A study performed by the European Space Agency in 2007 known as “TARDIS”, no not that one, tested the limits of two species of tardigrades in the deep-vacuum of space for 10 days, which included enough dosage of cosmic radiation and raw UV radiation to cause irreversible DNA mutations which could lead to tumorigenesis, memory impairments, and ultimately death.
But not only did all the tardigrades survive the full dosage of cosmic radiation and the vacuum of space, but 12% were also able to survive the UVB-UVA spectrums, making them the first animals to survive the full conditions of outer space. Scientists determined mainly two components that makes these tiny creatures, so tough: their ability to go into a form of desiccation as well as their vast array of radio-tolerant proteins.
Desiccation, an inactive state in which a tardigrade loses 97% of the water in their body, plays a large role in their extremophilic abilities but cannot be stated with certainty to play a role during irradiation due to the contradicting data found by different experiments.
Thus, basic heat-shock proteins and DNA repairing proteins like the Hsp70 and the MRE11 proteins, just to name a few, play a large role in mending the damaged DNA as well as the cells of a tardigrade. However, these proteins are not unique to their phylum and can be found in other organisms, even us.
The protein that most scientists are interested in s known as the “Dsup” protein.
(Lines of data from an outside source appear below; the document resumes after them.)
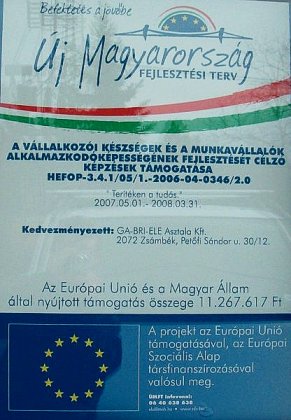 Úniós pályázatot nyert egy zsámbéki étterem A zsámbéki székhelyű Gabriele Asztala Kft. többéves előkészítő munka után, együttműkdve egy pályázatíró céggel több, mint 11 millió forint értékben nyert képzési és oktatási támogatást az Európai Únió HEFOP (Humán Erőforrás Operatív Program) 3.4.1/05/1. számú pályázatán. A megnyert pályázat keretében a Mind Center Kft. heti rendszerességgel kihelyezett angol és német nyelvoktatást, tovább - szintén kihelyezett jelleggel - hetente-kéthetente félnapos vezetői és menedzsertréniget tart a zsámbéki cég dolgozóinak. Mészáros Sándorné, a cég ügyvezetője elmondta, hogy az oktatáson egy alkalommal dolgozóik fele - közöttük ő maga is - vesz részt. A pályázat önrész nélküli, utófinanszírozás jellegű, vagyis az Európai Únió a felmerült és igazolt költségeket utólag téríti meg. |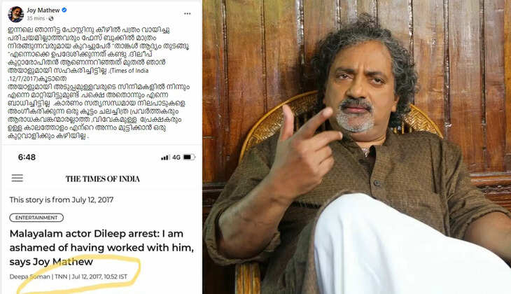 ഇതിന് മറുപടിയായി 2017 ജൂലൈ 12ന് ടൈംസ് ഓഫ് ഇന്ത്യയില് പ്രസിദ്ധീകരിച്ച വാര്ത്തയുടെ സ്ക്രീന്ഷോട്ട് പങ്കുവെച്ചുകൊണ്ടാണ് ജോയ് മാത്യു പ്രതികരിച്ചിരിക്കുന്നത്. ദിലീപിനോടൊപ്പം പ്രവര്ത്തിച്ചതില് ലജ്ജ തോന്നുന്നുവെന്ന ജോയ് മാത്യുവിന്റെ പ്രസ്താവനയാണ് വാര്ത്ത.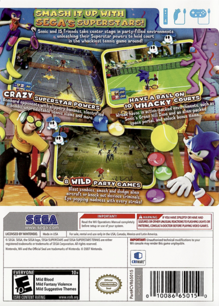 SEGA Superstars Tennis includes over 15 playable SEGA characters - like Sonic The Hedgehog, AiAi from Super Monkey Ball fame, Ulala of Space Channel 5 and Amigo from Samba De Amigo, each of whom have their own unique attributes, and superstar tennis skills. The game's arcade style matches are played out on courts based on environments from Sega games of the past such as the lush tropics of Sonic's Green Hill Zone or the street fair fiesta of Amigo's Carnival Park to name a few.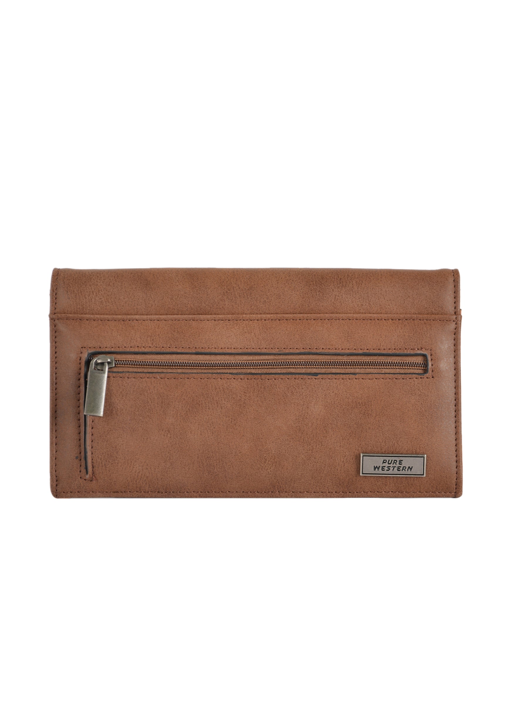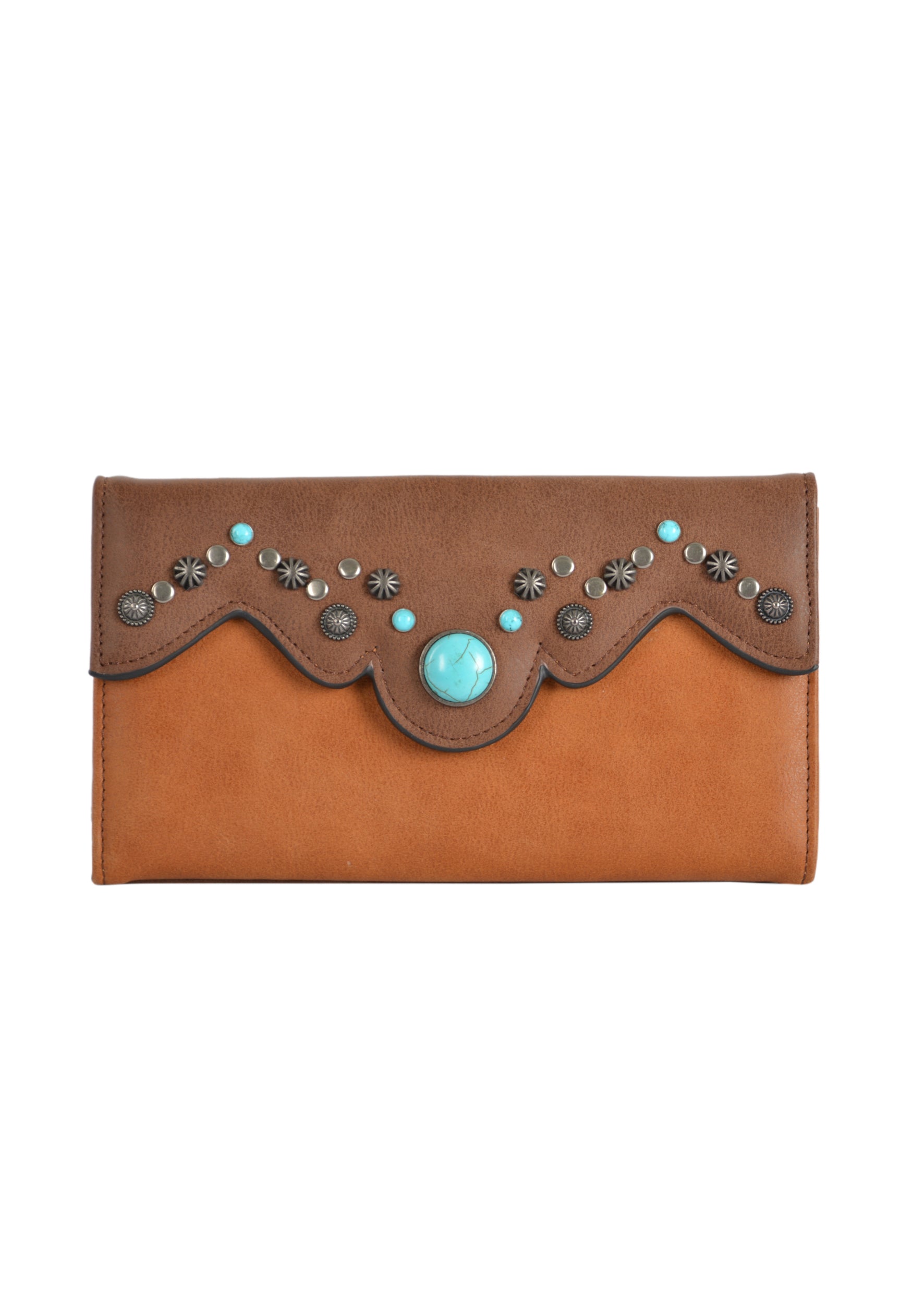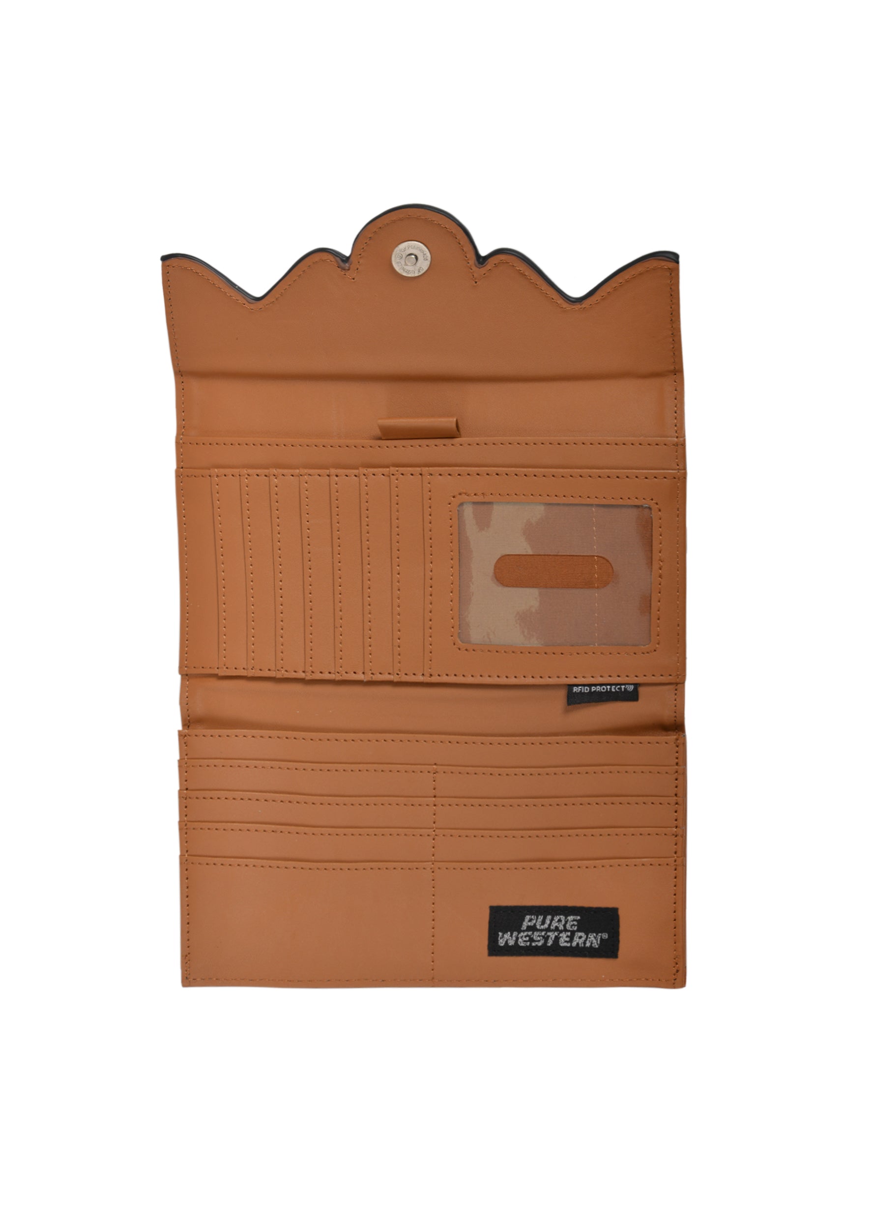 Features: Cutaway two-tone design, multi stud and concho pattern, fold out wallet with snap closure, back zip pocket, internal zip coin pocket, 16 x card slots and 1 x ID slot, 2 x note pockets, RFID PROTECT Technology protects your credit cards from fraud and identity theft. H 11cm x W 19cm x D 2cm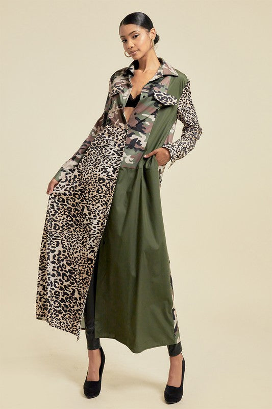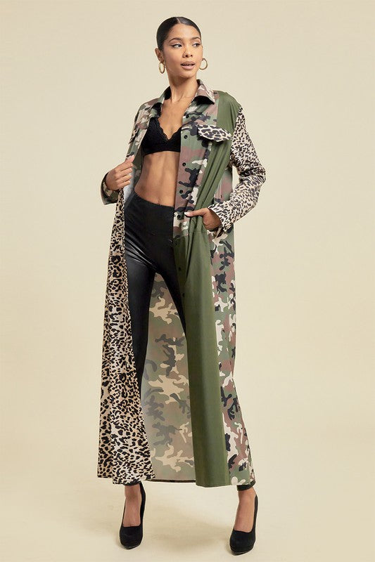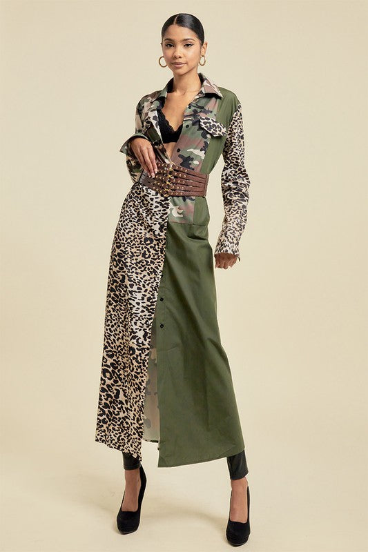 Introducing our Pattern Blocked Long Camouflage Shirt Dress, a must-have addition to any fashion-forward wardrobe. With its unique pattern blocked design, this dress exudes sophistication and exclusivity. Made from high-quality materials, our dress offers both style and comfort. Elevate your style game with this luxurious shirt dress.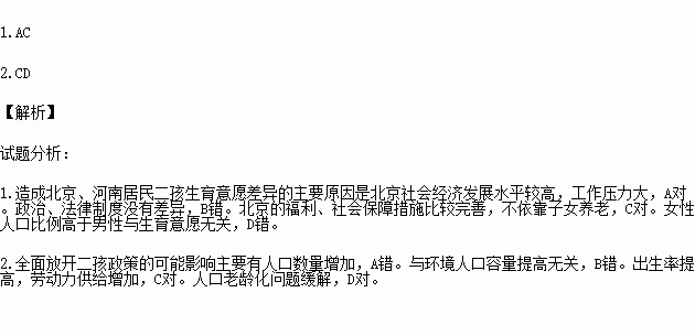 1.造成北京、河南居民二孩生育意愿差异的主要原因是北京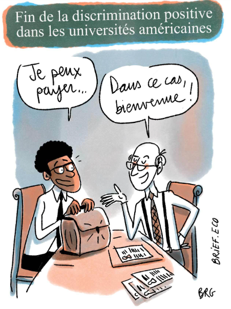 La Cour suprême des États-Unis, la plus haute juridiction américaine, a jugé cet été (jeudi 29 juin 2023) que les programmes de discrimination positive de l’université privée de Harvard et de l’Université de Caroline du Nord étaient contraires à la Constitution. Cette décision fait jurisprudence et s’appliquera à l’enseignement supérieur dans son ensemble dans des cas similaires. La Cour suprême considère que les mesures visant à favoriser les minorités ethniques dans la sélection des étudiants s’appliquent au détriment des étudiants blancs et d’origine asiatique.« Je suis fortement, fortement en désaccord avec la décision de la Cour », a réagi le jour même le président des États-Unis, Joe Biden. « La discrimination existe toujours en Amérique », a-t-il répété à trois reprises. Aux États-Unis, la discrimination positive, appelée « affirmative action », a été lancée dans les années 1960 afin de lutter contre les discriminations raciales, puis de genre, dans l’emploi, l’attribution de marchés publics et l’admission dans les universités. L’Inde avait déjà mis en place des mesures similaires à partir de 1950, en faveur de certaines castes et des intouchables, qui figurent à l’échelon le plus bas des classes sociales indiennes.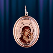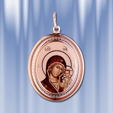 русского золота 585°. На основании подвески гравировано изображение Божией Матери с Младенцем Иисусом. На обраной стороне подвески надпись: "Пресвятая Богородица спаси нас!". Высота с ушком пр.35 мм. Ширина: 22 мм.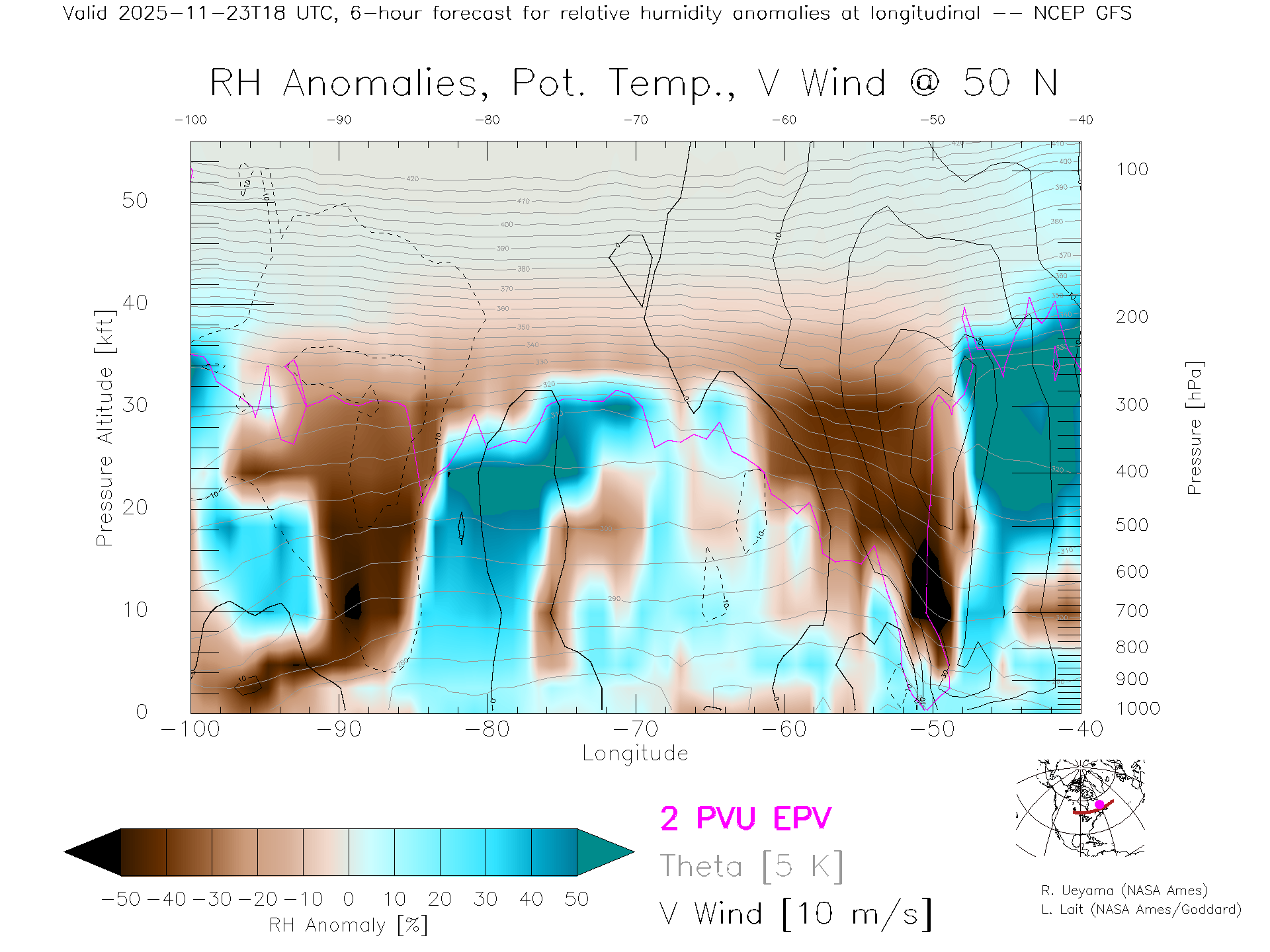 NCEP GFS Forecast Rel. Hum. X-Section (50 N)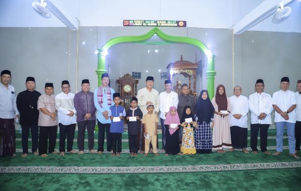 Acara di akhiri dengan pemberian bantuan kepada pihak masjid berupa kipas angin, serta pemberian bantuan kepada beberapa mustahik dan anak yatim piatu yang di berikan langsung oleh Bupati Bangka.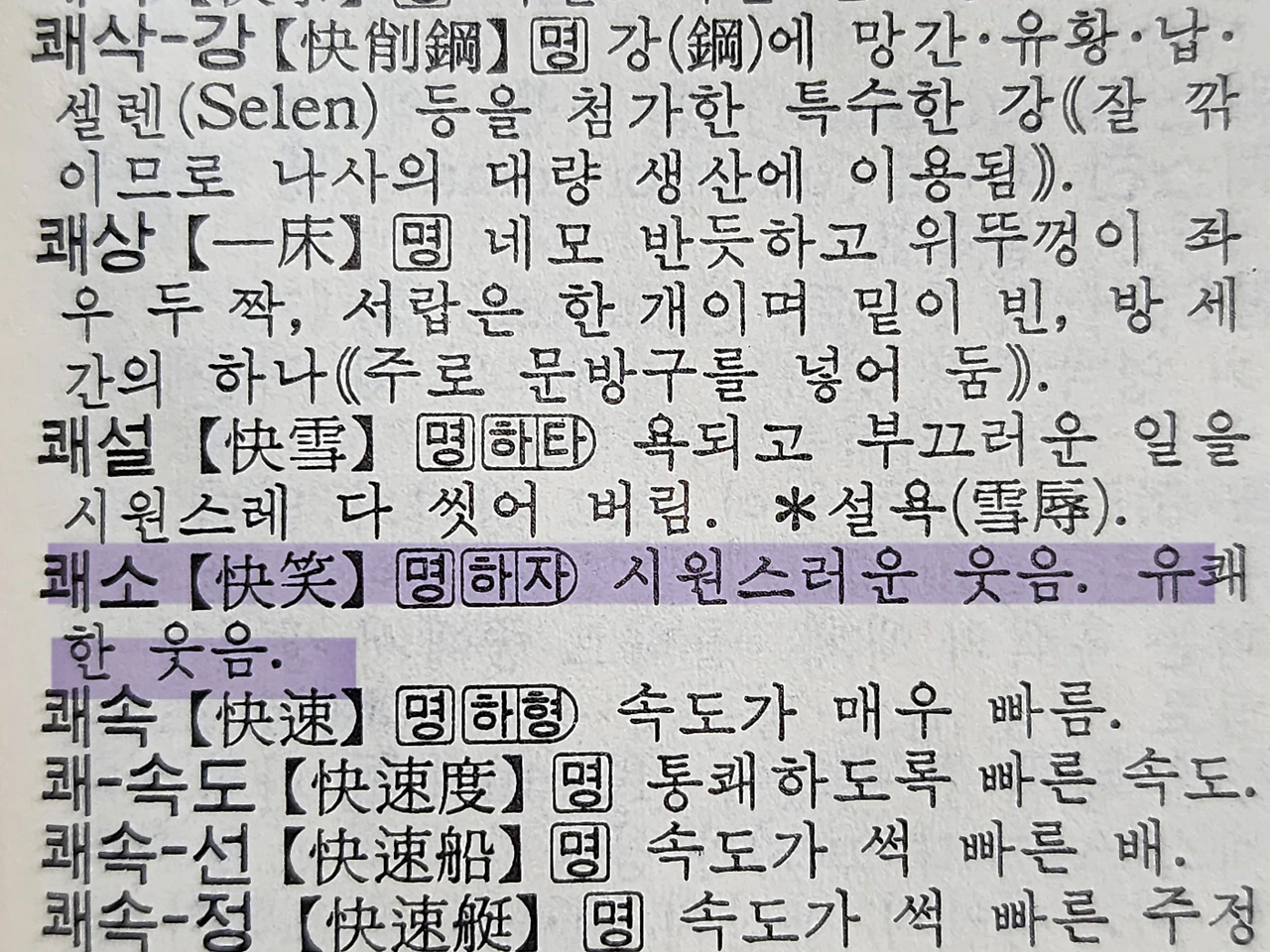 (명) 시원스러운 웃음. 유쾌한 웃음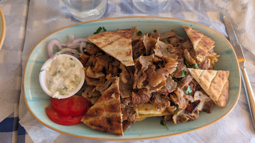 Read moreWe chose this place for lunch, since it was the only place where it looked like they could make room for a big party (there were 8 of us including a toddler). The menu was huge, and in various languages, but very horribly translated. It was quite difficult to know what the different dishes came with and we all kind of panicked when the waiter asked us, if we were ready to order for the third time. We ordered tzatziki with bread for all of us, and most of us went with the gyros and some shared the mixed grill for two. To be honest, we did expect this food to be less than good, since everything in this place was kinda dirty and sticky - my shirt kept sticking to the back of my chair. The tzatziki was served, but we had expected it to be served with pita, but only the tzatziki was served, so apparently we had to just eat it with the really dry bread that was served when we sat down. We all took tzatziki on our plates, but a few minutes after, a waitress came and took our plates away, but luckily some of us did manage to stop her - not something she liked, and she seemed like we did her wrong. But come on, we were still eating. Our main dishes were served, and it was actually really good. The mixed gill was very big, and delicious. After we were done, we got pound cake, ice cream and raki, on the house. So to sum everything up, the food was good, the service was mixed and the place was dirty. I'm sure you can find somewhere...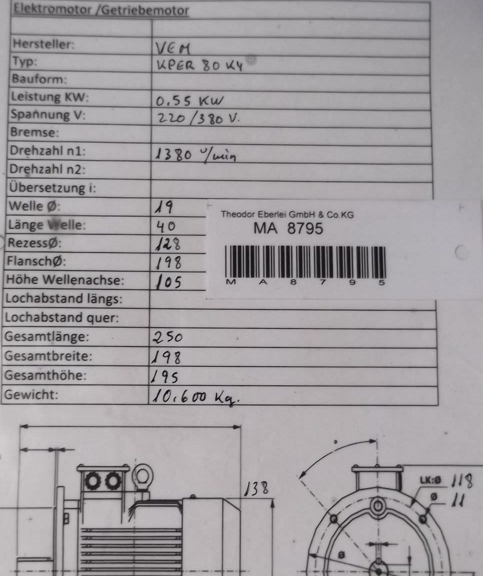 Maschinentyp: Elektromotor 0,55 kW 1380 U/min

Originally discovered in the Ramazzottius varieornatus species by Takuma Hashimoto and 27 other Japanese scientists, this tardigrade-unique protein is hypothesized to protect DNA, almost like a shield.
It is only hypothesized because it has only been determined that the protein is associated with the nuclear DNA.
It is not specified how.
However, an experiment utilizing human embryonic kidney cells, also known as HEK293 cells, supports this hypothesis since the scientists saw a 40% reduction in double-stranded breaks in the DNA.
Remember the first protein that I mentioned, the MRE11 protein well, it turns out that Homo sapiens, or humans, only have one gene that codes for the complex in which that protein is associated with, also known as the MRE11 complex.
This complex is a DNA damage response complex that consists of three proteins, the MRE11, the RAD50, and the “nibrin”.
And although this complex is not always error-free, it has been proven to be incredibly efficient at fixing double-stranded breaks in DNA. Keep this in mind while I tell you that tardigrades don’t just have one but four genes that codes for this specific complex.
So if humans were to obtain the same amount of MRE11 complex proteins, would it have the same effect as it does in tardigrades?
This is the premise of my research, to explore ways in which the foreign tardigrade genes can be somehow implemented for the benefit of human and plant cells in order to obtain a similar defense during space travel.
The evidence of it being a possibility is already there, as shown with the Dsup protein and the human kidney cells.
It’s just a matter of expanding on that evidence.
With the help of a George Mason University professor, Professor Lee Andrew Solomon, I will begin to research chemical and biological ways in which the tardigrade proteins and processes can be integrated into other biological organisms.
My hope is that this paper-based research will inspire scientists to explore these ideas because not only could this research create a future of human-space flight where radiation risks for astronauts and cultivated crops are mitigated but could lead to the eradication of life-threatening diseases all over the world.